::: SOURCE DATA
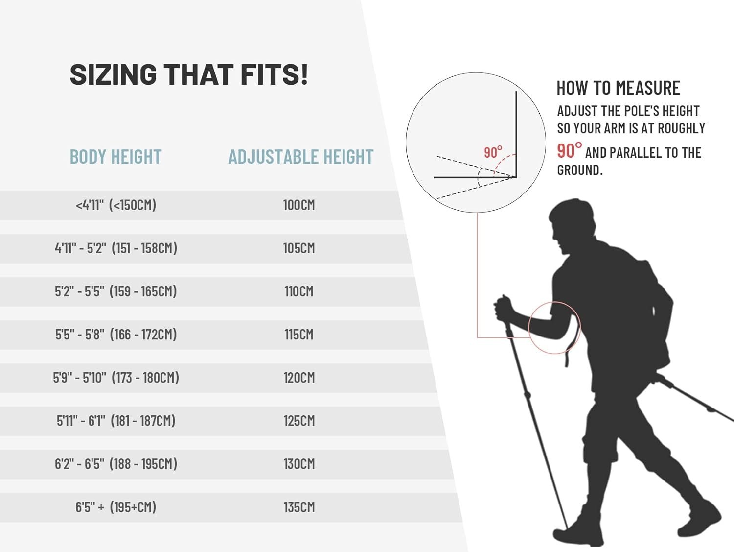 👍【EASY-TO-USE】Telescoping design,with flip lock, easy to adjust the height by one click. Retracted length 25 inch, Extended length to 53 inch, Our poles are designed to fit the needs of women, men, and kids.
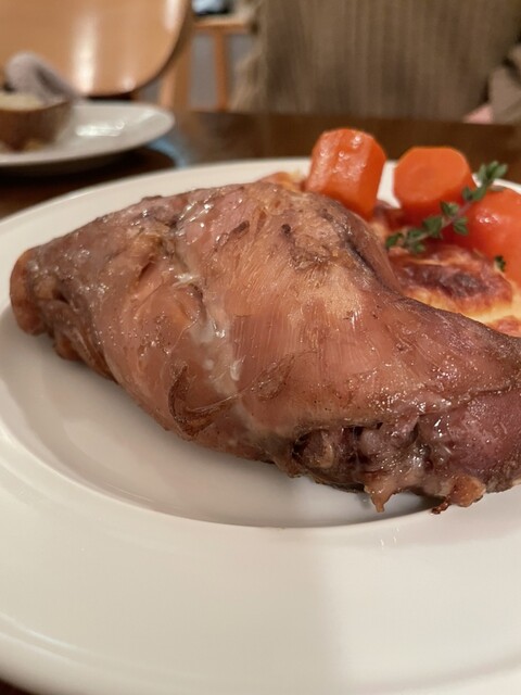 ◆ラパンのコンフィ。フランスの家庭料理でフランスではよく食べられるうさぎのももを骨付きのままコンフィにした豪快な一品
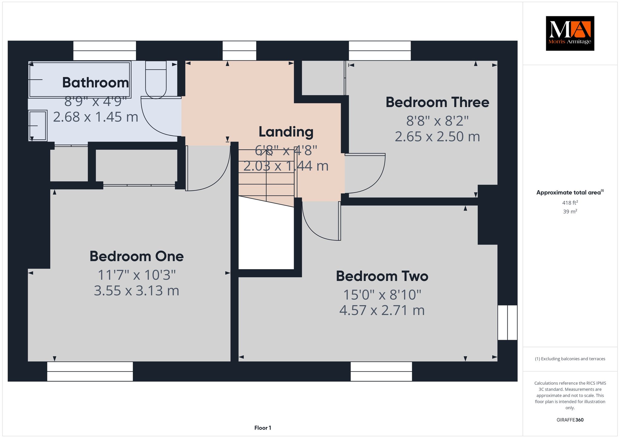 Bedroom Two 15’0” x 8’10” (4.57m x 2.71m)
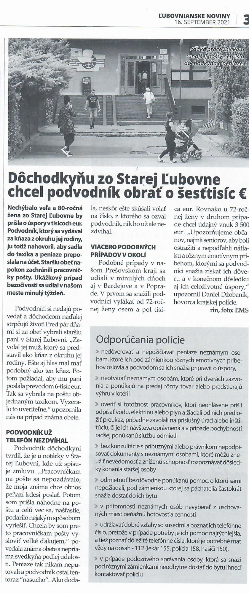 dňa 16. septembra 2021 vyšiel v Ľubovnianskych novinách článok o našej pracovníčke na pošte Stará Ľubovňa. Našej kolegyni bolo vyjadrené poďakovanie zo strany klientky. Veľkú zásluhu na tom má p. vedúca pošty Martina Mačugová, vďaka ktorej stará pani neprišla o celoživotné úspory. Myslím si, že takýto čin si zaslúži verejné poďakovanie aj v rámci slovenskej pošty nie len v okresných novinách.
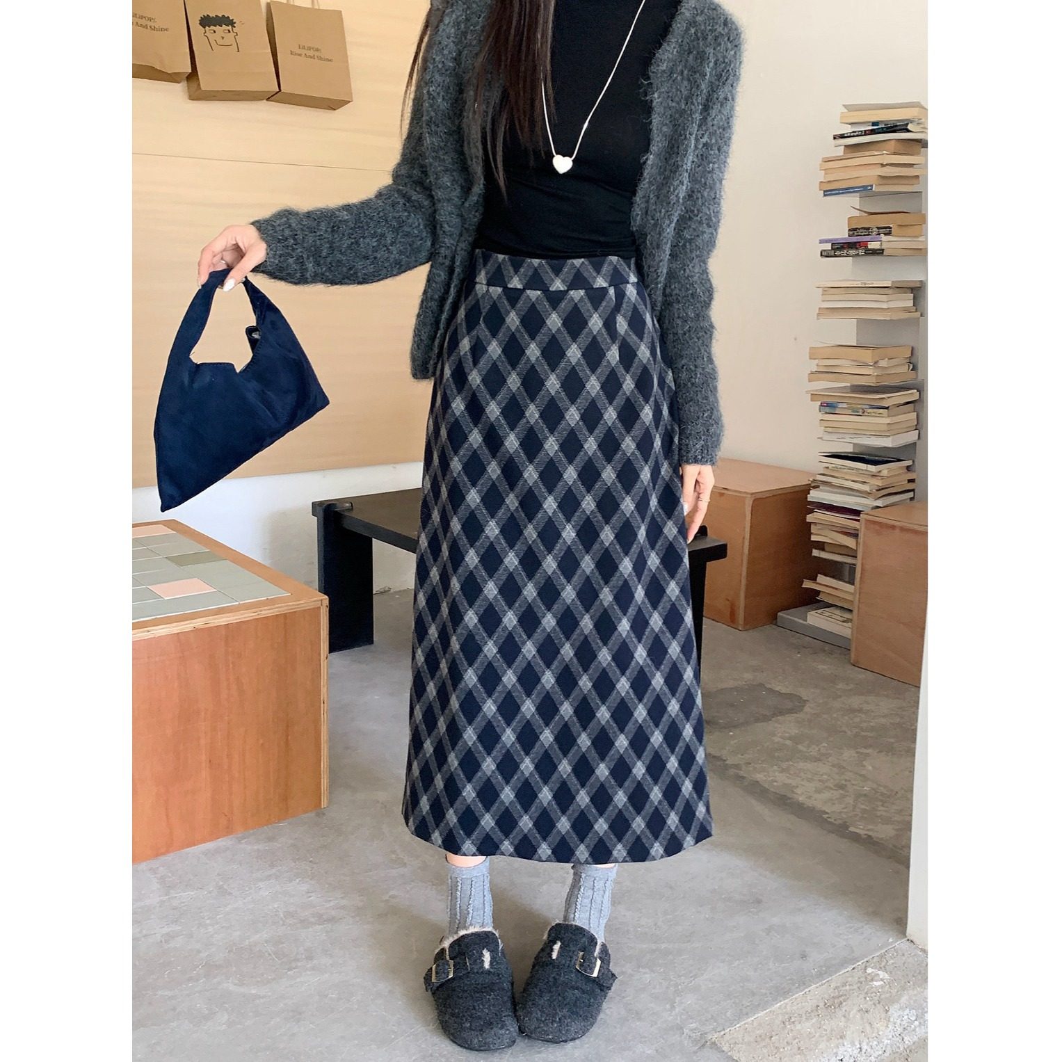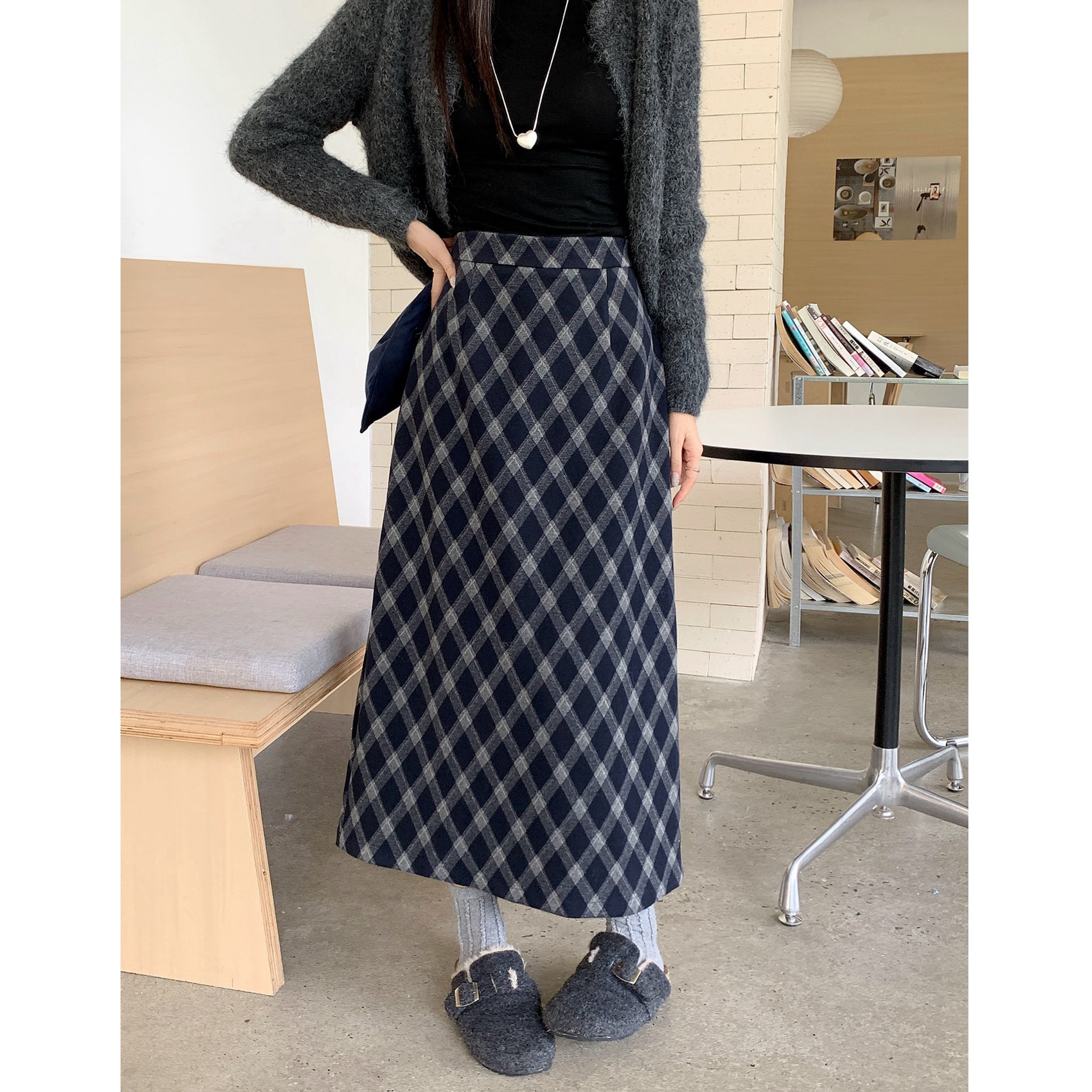淘宝小吉家大码女装秋冬新款胖mm毛呢格纹中长款半身裙显瘦小个子短裙
::::::
* [EXERCISE BRIEF]
Set down every line of the entries above again, exactly as written, but not the pictures.

* [EXERCISE SOLUTION]
 👍【EASY-TO-USE】Telescoping design,with flip lock, easy to adjust the height by one click. Retracted length 25 inch, Extended length to 53 inch, Our poles are designed to fit the needs of women, men, and kids.
 ◆ラパンのコンフィ。フランスの家庭料理でフランスではよく食べられるうさぎのももを骨付きのままコンフィにした豪快な一品
 Bedroom Two 15’0” x 8’10” (4.57m x 2.71m)
 dňa 16. septembra 2021 vyšiel v Ľubovnianskych novinách článok o našej pracovníčke na pošte Stará Ľubovňa. Našej kolegyni bolo vyjadrené poďakovanie zo strany klientky. Veľkú zásluhu na tom má p. vedúca pošty Martina Mačugová, vďaka ktorej stará pani neprišla o celoživotné úspory. Myslím si, že takýto čin si zaslúži verejné poďakovanie aj v rámci slovenskej pošty nie len v okresných novinách.
淘宝小吉家大码女装秋冬新款胖mm毛呢格纹中长款半身裙显瘦小个子短裙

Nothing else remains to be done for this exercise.